Hello All,
I have 40 TB of index having about 6 Billion documents in single index.
My ES query is
Fetching 100000 unique values of uniqueId values (applying terms aggregations) from single ES query.
Currently, we initialized index having 900 shards across 35 data nodes. And most of the time is spending on coordinating nodes.
How can i configure the Elasticsearch cluster for better performance?
Please suggest.
What type of data do you have in that index? What is the structure of the data? What does the query/aggregation look like? How many unique ids are there in total?
Which version of Elasticsearch are you using?
How have you determined this?
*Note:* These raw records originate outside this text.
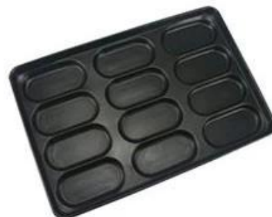
custom mould size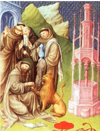
St. Jerome Extracting a Thorn Limbourg brothers Circa 1408, France

St. Jerome even began a Scripture study group for women, which was unheard of in his day and age. But he knew the power that the Bible had to change people's lives. One of his sayings was, "Ignorance of Scripture is ignorance of Christ."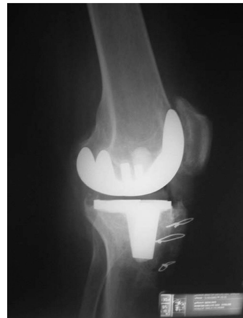
Figure 3 - Total arthroplasty without posterior stabilization and without replacement of the patella, after six years of clinical course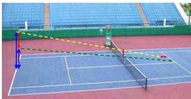
Picture 2. Method of shooting the serve

What is the specification of the nodes? What exactly is the performance issue? What latency are you experiencing?
Is this the size of primary and replica shards? If so, how many replica shards do you have configured?
@Christian_Dahlqvist
Please find the reply:
What type of data do you have in that index? What is the structure of the data?
Currently, we are storing all data (Total 6.3 Billion) in single index. We are storing as flat data with around 500 fields in each document. And we are storing the different type of data in single index.
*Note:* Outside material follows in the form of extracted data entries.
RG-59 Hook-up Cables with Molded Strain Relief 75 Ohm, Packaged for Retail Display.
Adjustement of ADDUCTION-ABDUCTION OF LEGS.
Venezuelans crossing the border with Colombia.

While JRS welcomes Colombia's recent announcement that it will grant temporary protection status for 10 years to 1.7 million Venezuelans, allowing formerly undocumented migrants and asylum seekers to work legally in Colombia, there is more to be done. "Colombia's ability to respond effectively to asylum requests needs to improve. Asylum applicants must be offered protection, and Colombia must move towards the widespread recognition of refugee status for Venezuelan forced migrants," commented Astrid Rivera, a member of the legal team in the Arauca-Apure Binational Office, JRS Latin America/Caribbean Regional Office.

What does the query/aggregation look like?
We are aggregating the total amount of each unique ids.
How many unique ids are there in total?
There present around 11M unique ids in single type.
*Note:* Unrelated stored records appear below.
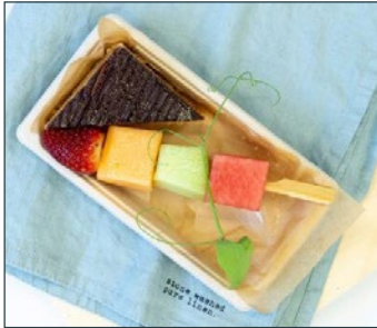
Duo Pack B

$6.95 (2 items per pack - min 6) Assorted cake (v) + fresh fruit skewer (vegan) (gf) (df) (n)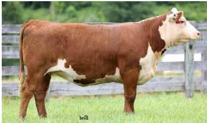
Lot 29 — MJG LEMON DROP 114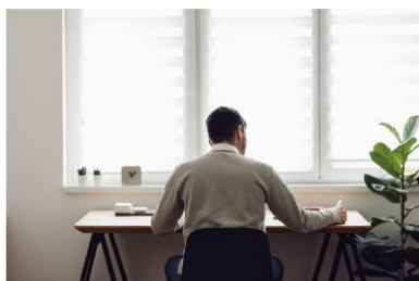
Mobile device placed behind you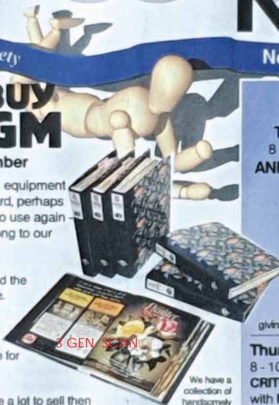
We have a collection of handsomely bound back-dated issues of Leisure Painter which are likely to be going for a song at the AGM

During the course of the evening there will also be an auction of paints and pastels donated to the Society.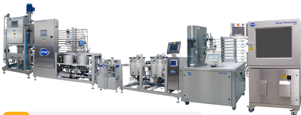
50-100L/h Blending + HTST/UHT + Homogenizing + Carbonating + Filling + In-Container Pasteurization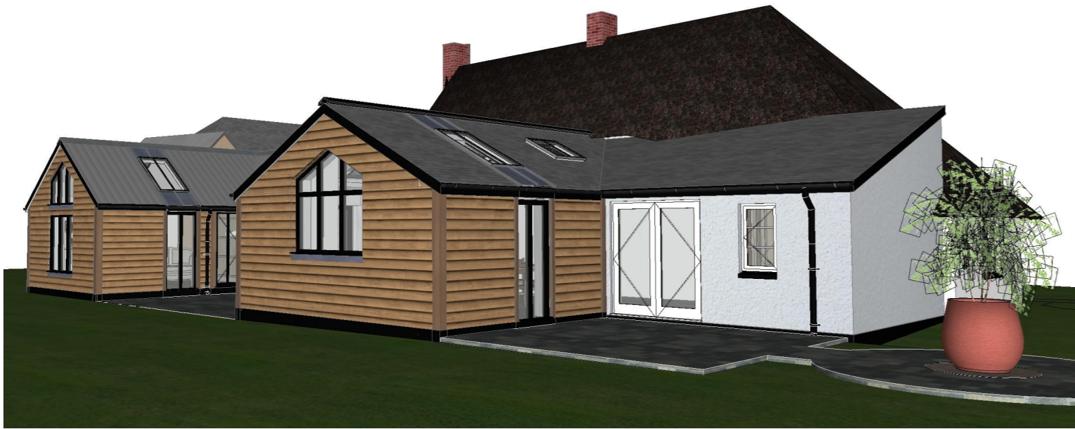
1 Generic Perspective (From West )

Which version of Elasticsearch are you using?
We are using ES 7.17
How have you determined this?
We executed the ES profiling API and found the response of shards is less than 1 sec. And usage of data node is low while the usage of coordinating node is high.
What is the specification of the nodes?
We are using c7g.8xlarge (64 GB total memory and 32 vCPU) for data node and coordinating node.
What exactly is the performance issue? What latency are you experiencing?
On analyzing the profiling response, the time taking section is from Coordinating node and the response time from ES is high.
Is this the size of primary and replica shards? If so, how many replica shards do you have configured?
Currently we are using primary shards only (i.e. without replica shards). Does replica shards also improved on performance?
What does CPU usage look like on the different node types when you run a query? What size and type of storage do you have attached?
Elasticsearch is generally limited by disk I/O and not CPU, so I tend to use memory optimised instances for Elasticsearch clusters unless I am running a lot of CPU heavy processing, e.g. complex ingest pipelines. Have you run iostat -x
on the data nodes when you are querying to verify that the storage is not a limiting factor (the coordinating node can only process data as fast as it comes off the data nodes after all)?
Regarding the CPU usage, usage on data node is normal. But high CPU and Memory in Coordinating nodes.
Currently, we are using st1 disk type.
Please find the result of one of the data node from iostat -x
What is high and normal in terms of concrete numbers? How many cores are fully utilised?